*Work task*: Note the line containing "The afternoon dive"; from it through the last line below, give only those lines again, exactly, both ends included, skipping pictures.

*Supplied information*:

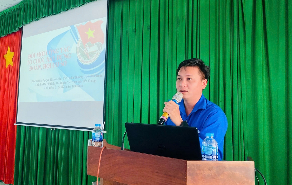 Đồng chí Nguyễn Thành Luân – Phó Bí thư Thường trực Tỉnh Đoàn, Chủ tịch Hội LHTN Việt Nam tỉnh báo cáo chuyên đề đầu tiên
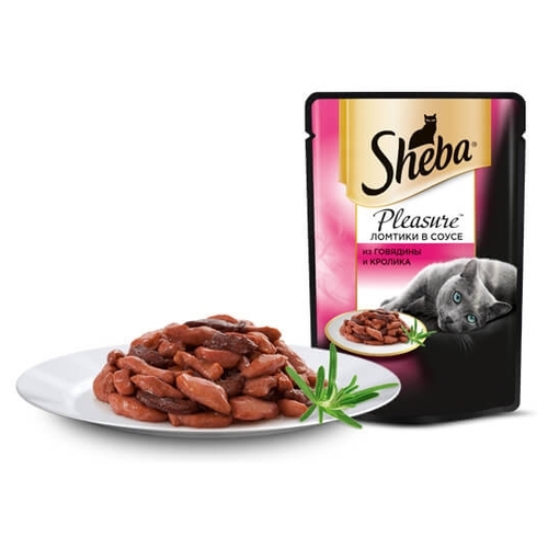 Корм для кошек Sheba Pleasure с кроликом, с говядиной 85 г (кусочки в соусе)
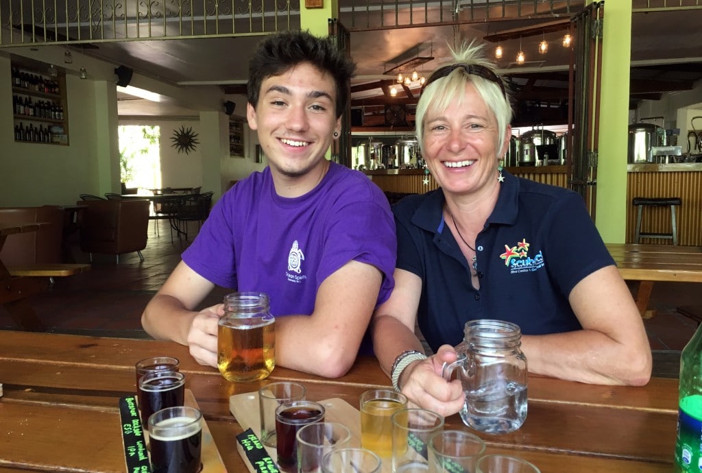 The afternoon dive was cancelled due to unforeseen circumstances and so I had an extended lunch with Eveline and her son at the West Indies Beer Company. Behind the bar were rows of distilling tanks each giving off a wonderful aroma of the best kind of home brew. We decided to go for the taster trays which when produced held 18 small glasses, one for each brew. On top of that, Janet the owner provided a fantastic ice cream pudding to finish it all off.
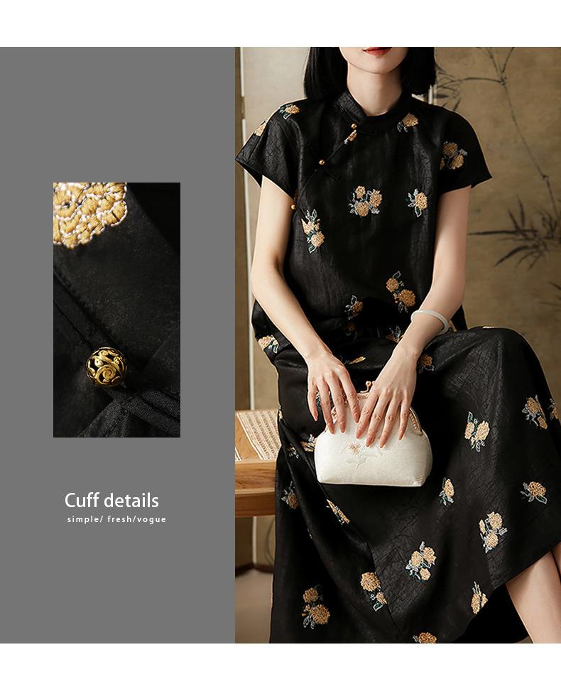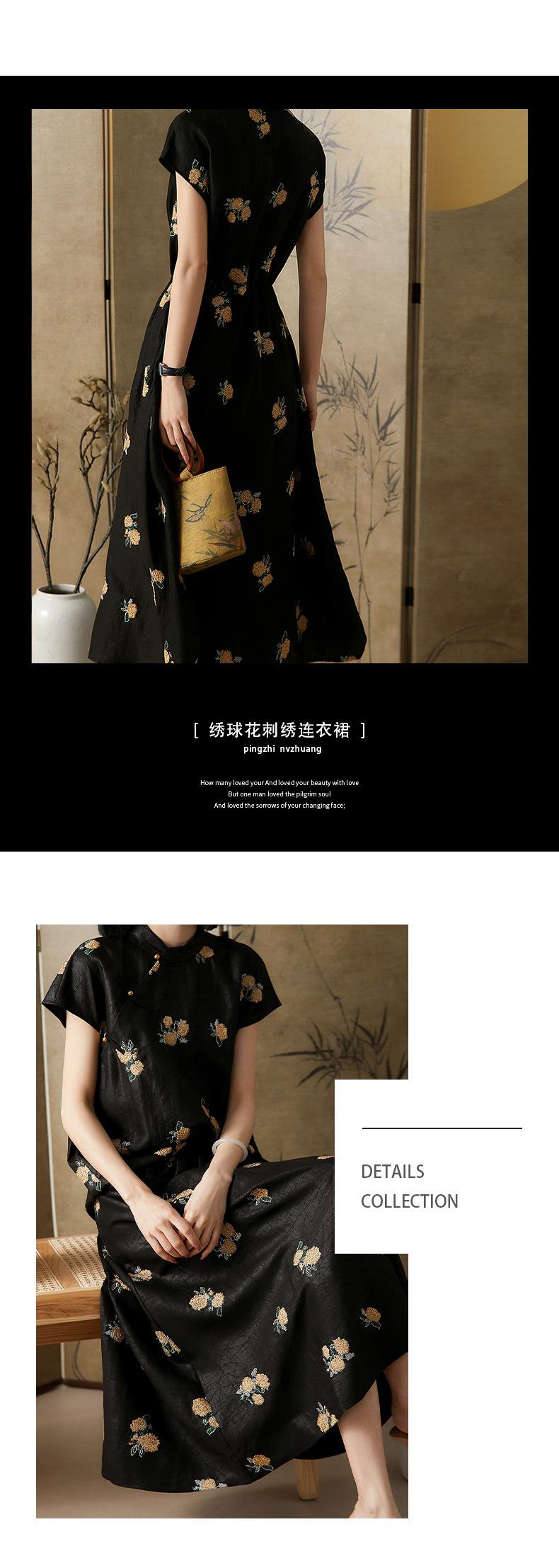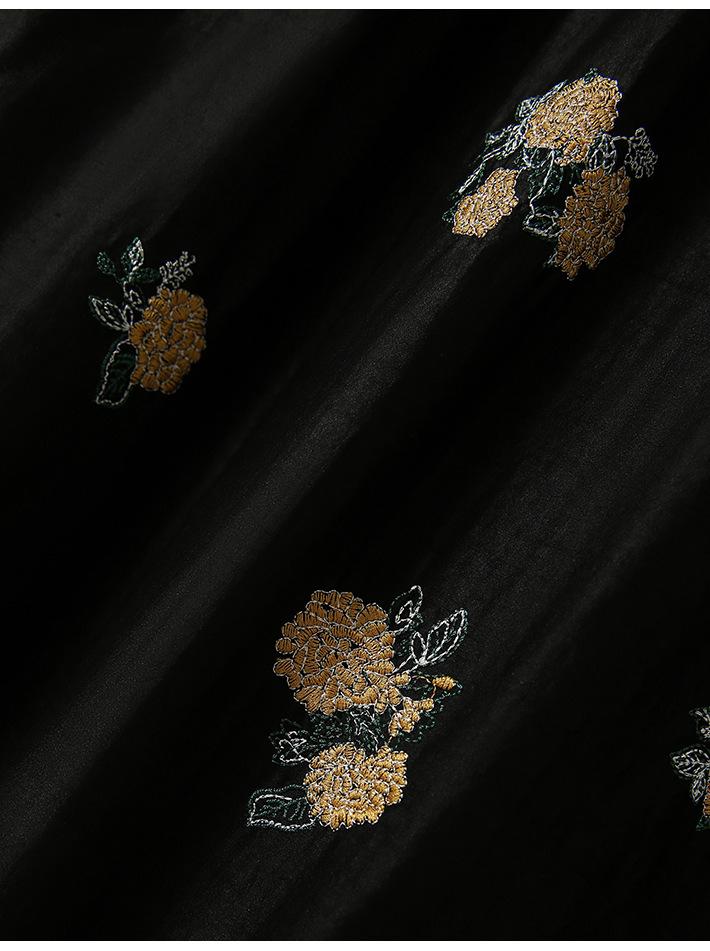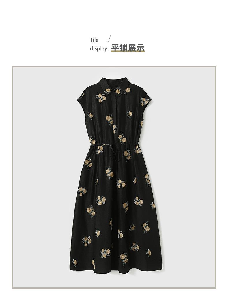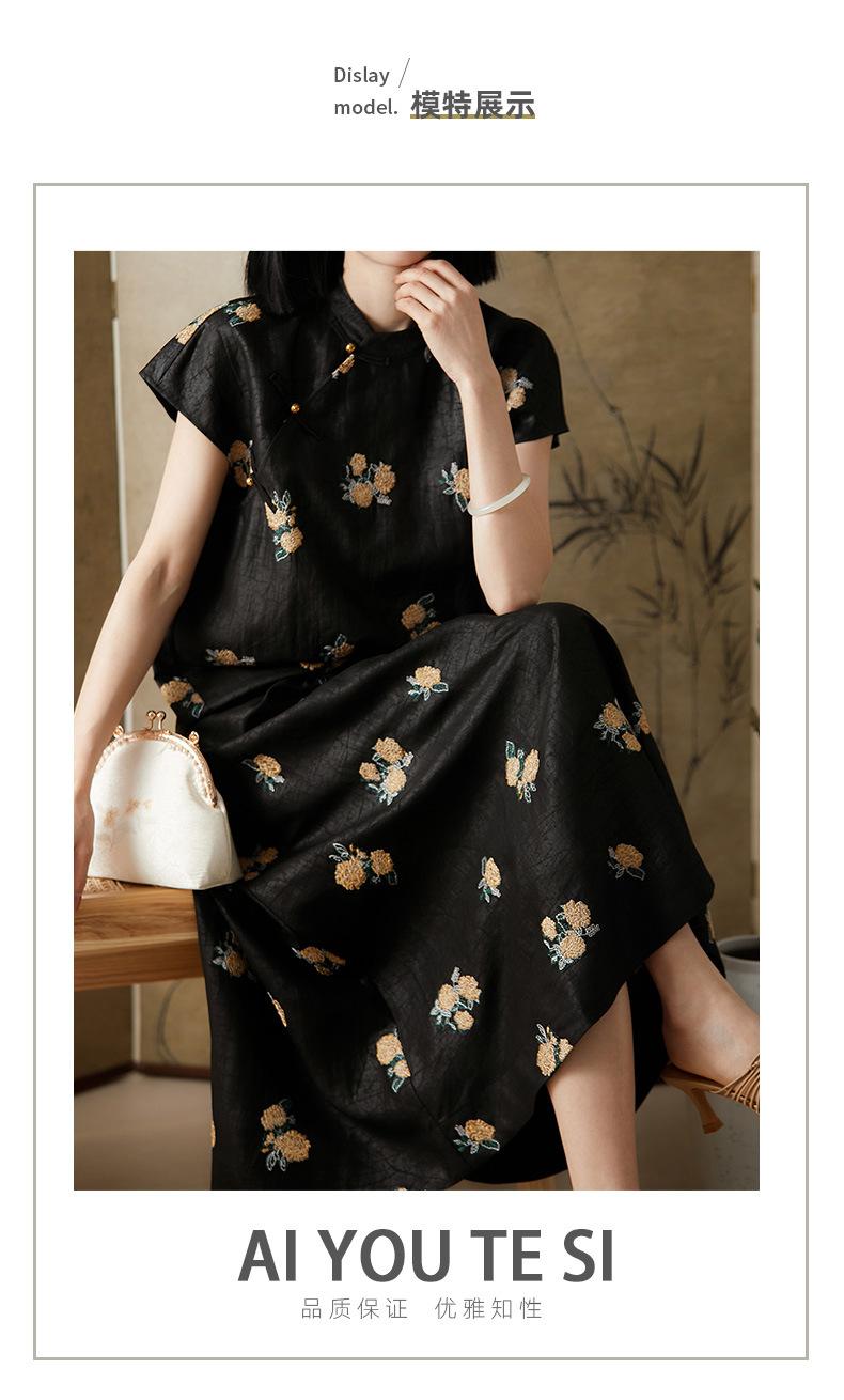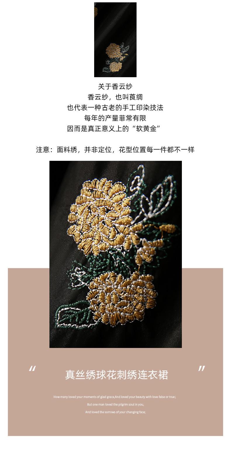 Full Silk Hydrangea bordado Xiangyun vestido fio Mulberry Silk saia Mid-length Small Black Dress Verão das Mulheres

*Reply*:
 The afternoon dive was cancelled due to unforeseen circumstances and so I had an extended lunch with Eveline and her son at the West Indies Beer Company. Behind the bar were rows of distilling tanks each giving off a wonderful aroma of the best kind of home brew. We decided to go for the taster trays which when produced held 18 small glasses, one for each brew. On top of that, Janet the owner provided a fantastic ice cream pudding to finish it all off.
 Full Silk Hydrangea bordado Xiangyun vestido fio Mulberry Silk saia Mid-length Small Black Dress Verão das Mulheres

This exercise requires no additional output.